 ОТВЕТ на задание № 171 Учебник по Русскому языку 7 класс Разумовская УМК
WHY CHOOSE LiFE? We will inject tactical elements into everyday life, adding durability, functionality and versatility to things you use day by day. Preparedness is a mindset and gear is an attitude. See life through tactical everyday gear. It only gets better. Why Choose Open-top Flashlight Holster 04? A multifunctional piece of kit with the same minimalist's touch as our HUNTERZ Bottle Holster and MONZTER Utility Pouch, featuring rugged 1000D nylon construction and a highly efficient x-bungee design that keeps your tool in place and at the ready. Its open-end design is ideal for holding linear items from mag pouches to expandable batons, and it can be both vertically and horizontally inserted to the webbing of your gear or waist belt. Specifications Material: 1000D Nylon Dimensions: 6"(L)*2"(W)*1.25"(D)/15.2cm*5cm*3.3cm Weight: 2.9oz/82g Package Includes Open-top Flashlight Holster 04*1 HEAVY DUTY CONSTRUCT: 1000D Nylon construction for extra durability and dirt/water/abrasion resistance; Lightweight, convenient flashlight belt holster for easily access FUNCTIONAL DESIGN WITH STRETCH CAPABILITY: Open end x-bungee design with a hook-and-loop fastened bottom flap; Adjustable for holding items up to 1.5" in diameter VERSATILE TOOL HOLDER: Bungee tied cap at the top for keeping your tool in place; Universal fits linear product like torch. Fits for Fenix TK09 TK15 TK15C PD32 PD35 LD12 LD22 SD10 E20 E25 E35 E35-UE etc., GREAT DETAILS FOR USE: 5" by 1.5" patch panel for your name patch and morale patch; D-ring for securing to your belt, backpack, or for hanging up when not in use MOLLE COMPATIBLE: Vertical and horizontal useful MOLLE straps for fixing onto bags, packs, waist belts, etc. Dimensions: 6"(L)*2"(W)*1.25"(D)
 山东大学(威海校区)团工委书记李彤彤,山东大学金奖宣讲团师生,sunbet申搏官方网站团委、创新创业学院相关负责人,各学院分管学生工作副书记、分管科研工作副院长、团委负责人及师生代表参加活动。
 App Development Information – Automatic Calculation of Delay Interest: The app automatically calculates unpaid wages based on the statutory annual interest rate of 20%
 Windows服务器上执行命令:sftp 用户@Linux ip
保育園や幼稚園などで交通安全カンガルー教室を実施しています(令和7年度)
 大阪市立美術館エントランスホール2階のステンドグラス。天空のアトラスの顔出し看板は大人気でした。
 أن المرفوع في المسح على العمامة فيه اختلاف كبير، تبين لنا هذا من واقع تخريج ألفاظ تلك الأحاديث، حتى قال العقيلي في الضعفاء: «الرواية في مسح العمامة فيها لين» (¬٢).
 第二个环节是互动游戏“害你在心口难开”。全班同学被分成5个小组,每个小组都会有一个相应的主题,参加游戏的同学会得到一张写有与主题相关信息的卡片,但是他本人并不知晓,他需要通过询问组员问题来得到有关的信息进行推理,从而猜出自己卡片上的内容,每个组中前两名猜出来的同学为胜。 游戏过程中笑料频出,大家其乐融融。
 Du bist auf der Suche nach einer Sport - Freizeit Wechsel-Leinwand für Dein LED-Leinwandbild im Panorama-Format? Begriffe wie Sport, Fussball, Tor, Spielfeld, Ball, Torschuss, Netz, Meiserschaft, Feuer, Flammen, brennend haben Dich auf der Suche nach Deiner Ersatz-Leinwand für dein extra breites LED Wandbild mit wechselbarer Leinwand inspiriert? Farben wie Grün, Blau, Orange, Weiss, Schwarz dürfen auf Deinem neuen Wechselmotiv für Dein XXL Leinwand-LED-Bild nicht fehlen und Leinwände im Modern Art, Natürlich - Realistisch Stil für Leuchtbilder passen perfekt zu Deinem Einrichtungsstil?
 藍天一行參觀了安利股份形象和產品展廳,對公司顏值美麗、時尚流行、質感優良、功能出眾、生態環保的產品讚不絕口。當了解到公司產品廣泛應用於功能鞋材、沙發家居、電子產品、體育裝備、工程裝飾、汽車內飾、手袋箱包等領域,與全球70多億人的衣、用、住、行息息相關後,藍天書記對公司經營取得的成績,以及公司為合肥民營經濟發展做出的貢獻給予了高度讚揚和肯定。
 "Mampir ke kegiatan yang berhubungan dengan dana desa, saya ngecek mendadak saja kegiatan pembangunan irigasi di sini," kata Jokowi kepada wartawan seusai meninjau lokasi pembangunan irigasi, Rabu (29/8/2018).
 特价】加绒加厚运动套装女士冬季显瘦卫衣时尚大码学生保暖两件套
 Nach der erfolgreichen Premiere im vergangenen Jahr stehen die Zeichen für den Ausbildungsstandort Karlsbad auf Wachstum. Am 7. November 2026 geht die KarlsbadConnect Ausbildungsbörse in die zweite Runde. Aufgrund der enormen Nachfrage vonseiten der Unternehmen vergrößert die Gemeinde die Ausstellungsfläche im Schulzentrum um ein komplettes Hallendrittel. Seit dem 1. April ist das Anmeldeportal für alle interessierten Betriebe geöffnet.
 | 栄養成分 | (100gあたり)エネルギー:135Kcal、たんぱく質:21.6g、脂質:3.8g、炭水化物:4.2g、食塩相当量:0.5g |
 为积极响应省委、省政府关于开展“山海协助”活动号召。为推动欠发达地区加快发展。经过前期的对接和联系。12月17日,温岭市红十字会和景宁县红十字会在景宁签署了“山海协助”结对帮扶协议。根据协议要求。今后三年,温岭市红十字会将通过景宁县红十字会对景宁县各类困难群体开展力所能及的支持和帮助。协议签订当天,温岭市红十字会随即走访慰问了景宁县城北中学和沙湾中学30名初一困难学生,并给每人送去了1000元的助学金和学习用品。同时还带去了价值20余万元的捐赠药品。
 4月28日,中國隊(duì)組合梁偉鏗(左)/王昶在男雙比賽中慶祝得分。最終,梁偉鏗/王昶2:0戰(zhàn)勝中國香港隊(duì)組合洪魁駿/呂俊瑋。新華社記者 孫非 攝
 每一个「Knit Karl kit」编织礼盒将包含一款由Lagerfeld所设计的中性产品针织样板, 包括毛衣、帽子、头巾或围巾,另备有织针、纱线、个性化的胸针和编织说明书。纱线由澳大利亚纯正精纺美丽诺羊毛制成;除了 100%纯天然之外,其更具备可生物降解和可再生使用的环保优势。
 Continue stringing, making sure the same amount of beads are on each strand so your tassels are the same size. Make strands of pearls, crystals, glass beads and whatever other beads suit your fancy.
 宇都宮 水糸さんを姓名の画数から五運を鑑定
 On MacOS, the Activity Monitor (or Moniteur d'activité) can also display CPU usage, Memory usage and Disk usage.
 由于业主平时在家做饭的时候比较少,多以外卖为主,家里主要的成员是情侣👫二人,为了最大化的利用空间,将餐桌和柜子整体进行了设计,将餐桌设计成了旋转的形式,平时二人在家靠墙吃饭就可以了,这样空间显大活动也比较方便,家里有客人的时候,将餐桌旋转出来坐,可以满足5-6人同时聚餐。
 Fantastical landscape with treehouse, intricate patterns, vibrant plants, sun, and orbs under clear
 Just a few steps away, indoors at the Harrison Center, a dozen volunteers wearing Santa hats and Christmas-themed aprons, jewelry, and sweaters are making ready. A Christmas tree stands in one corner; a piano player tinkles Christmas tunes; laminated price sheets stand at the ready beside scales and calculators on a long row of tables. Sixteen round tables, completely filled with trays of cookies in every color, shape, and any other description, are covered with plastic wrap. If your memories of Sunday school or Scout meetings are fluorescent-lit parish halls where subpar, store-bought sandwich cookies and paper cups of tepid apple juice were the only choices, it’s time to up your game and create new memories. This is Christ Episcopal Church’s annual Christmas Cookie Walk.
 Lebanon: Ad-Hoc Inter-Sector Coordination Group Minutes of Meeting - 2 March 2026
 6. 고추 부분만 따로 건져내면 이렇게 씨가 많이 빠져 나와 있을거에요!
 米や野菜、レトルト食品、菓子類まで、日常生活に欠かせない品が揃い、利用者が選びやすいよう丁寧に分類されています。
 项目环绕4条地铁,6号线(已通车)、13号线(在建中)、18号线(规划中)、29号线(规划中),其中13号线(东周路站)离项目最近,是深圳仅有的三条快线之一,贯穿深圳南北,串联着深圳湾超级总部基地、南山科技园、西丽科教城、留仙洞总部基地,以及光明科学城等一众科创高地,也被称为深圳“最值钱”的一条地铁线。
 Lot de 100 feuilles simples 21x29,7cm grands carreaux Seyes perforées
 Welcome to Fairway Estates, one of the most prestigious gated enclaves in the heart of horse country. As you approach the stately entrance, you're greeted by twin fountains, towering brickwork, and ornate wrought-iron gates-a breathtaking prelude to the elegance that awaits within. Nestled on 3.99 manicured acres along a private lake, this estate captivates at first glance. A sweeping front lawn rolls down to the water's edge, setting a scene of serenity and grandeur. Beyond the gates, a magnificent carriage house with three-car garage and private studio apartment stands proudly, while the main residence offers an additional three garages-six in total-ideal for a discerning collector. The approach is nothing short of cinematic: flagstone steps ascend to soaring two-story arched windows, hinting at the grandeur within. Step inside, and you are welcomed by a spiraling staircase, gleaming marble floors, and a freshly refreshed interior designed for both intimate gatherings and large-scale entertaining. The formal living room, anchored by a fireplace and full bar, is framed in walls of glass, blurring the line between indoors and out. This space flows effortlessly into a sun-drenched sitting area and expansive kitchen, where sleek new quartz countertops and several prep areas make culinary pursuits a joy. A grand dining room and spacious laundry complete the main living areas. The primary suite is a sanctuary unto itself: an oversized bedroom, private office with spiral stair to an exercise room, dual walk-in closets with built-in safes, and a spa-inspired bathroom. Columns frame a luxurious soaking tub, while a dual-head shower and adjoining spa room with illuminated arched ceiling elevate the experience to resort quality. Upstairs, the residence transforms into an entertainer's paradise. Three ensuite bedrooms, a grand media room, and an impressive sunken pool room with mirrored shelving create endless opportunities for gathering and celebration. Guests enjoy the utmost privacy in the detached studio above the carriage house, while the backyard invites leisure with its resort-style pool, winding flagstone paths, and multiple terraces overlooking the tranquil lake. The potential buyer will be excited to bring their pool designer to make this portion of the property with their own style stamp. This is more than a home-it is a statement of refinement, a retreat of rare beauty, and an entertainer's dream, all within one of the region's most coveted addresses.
★ ★ ★ ★ ★
WORK REQUEST:
Wherever the word "other" appears in the entries above, copy that line.

EXERCISE RESPONSE:
 Continue stringing, making sure the same amount of beads are on each strand so your tassels are the same size. Make strands of pearls, crystals, glass beads and whatever other beads suit your fancy.
 Just a few steps away, indoors at the Harrison Center, a dozen volunteers wearing Santa hats and Christmas-themed aprons, jewelry, and sweaters are making ready. A Christmas tree stands in one corner; a piano player tinkles Christmas tunes; laminated price sheets stand at the ready beside scales and calculators on a long row of tables. Sixteen round tables, completely filled with trays of cookies in every color, shape, and any other description, are covered with plastic wrap. If your memories of Sunday school or Scout meetings are fluorescent-lit parish halls where subpar, store-bought sandwich cookies and paper cups of tepid apple juice were the only choices, it’s time to up your game and create new memories. This is Christ Episcopal Church’s annual Christmas Cookie Walk.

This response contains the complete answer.